Write the listing out once more, identical to the original but without pictures.

Exercise data START

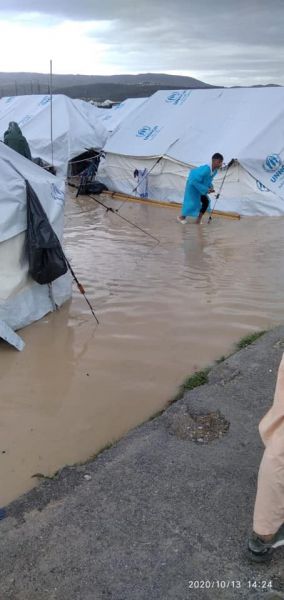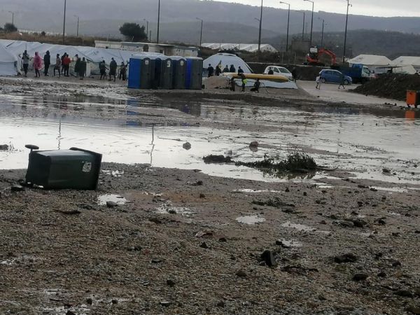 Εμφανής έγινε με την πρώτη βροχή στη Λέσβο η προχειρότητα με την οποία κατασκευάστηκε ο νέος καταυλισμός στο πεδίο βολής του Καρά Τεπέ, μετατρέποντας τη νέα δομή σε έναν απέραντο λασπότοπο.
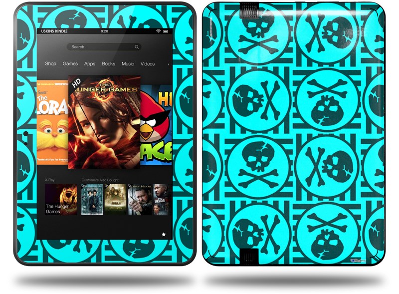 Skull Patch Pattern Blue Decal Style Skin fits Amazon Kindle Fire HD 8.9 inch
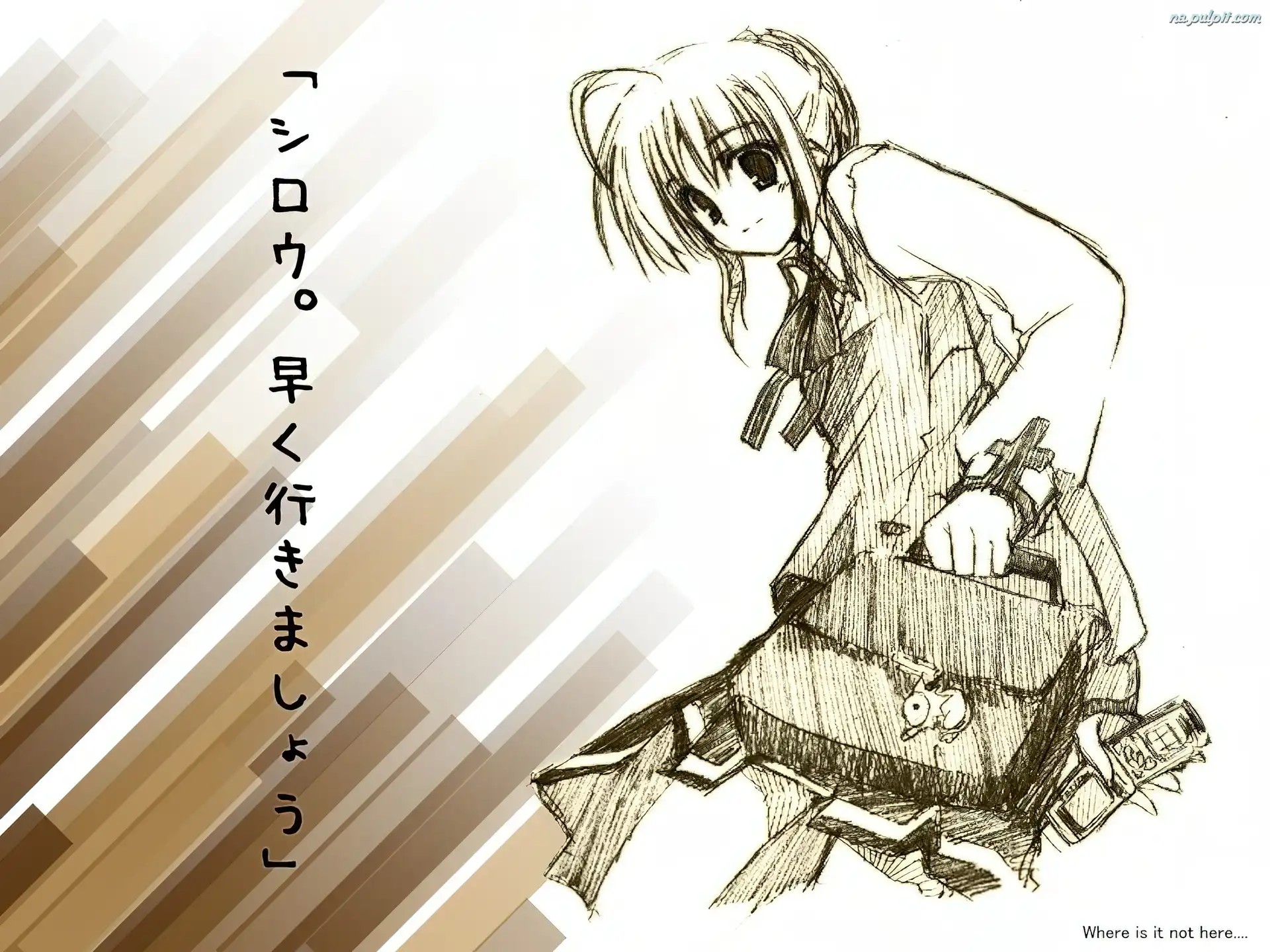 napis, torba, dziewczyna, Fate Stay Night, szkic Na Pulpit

Exercise data END

● **Result**
 Εμφανής έγινε με την πρώτη βροχή στη Λέσβο η προχειρότητα με την οποία κατασκευάστηκε ο νέος καταυλισμός στο πεδίο βολής του Καρά Τεπέ, μετατρέποντας τη νέα δομή σε έναν απέραντο λασπότοπο.
 Skull Patch Pattern Blue Decal Style Skin fits Amazon Kindle Fire HD 8.9 inch
 napis, torba, dziewczyna, Fate Stay Night, szkic Na Pulpit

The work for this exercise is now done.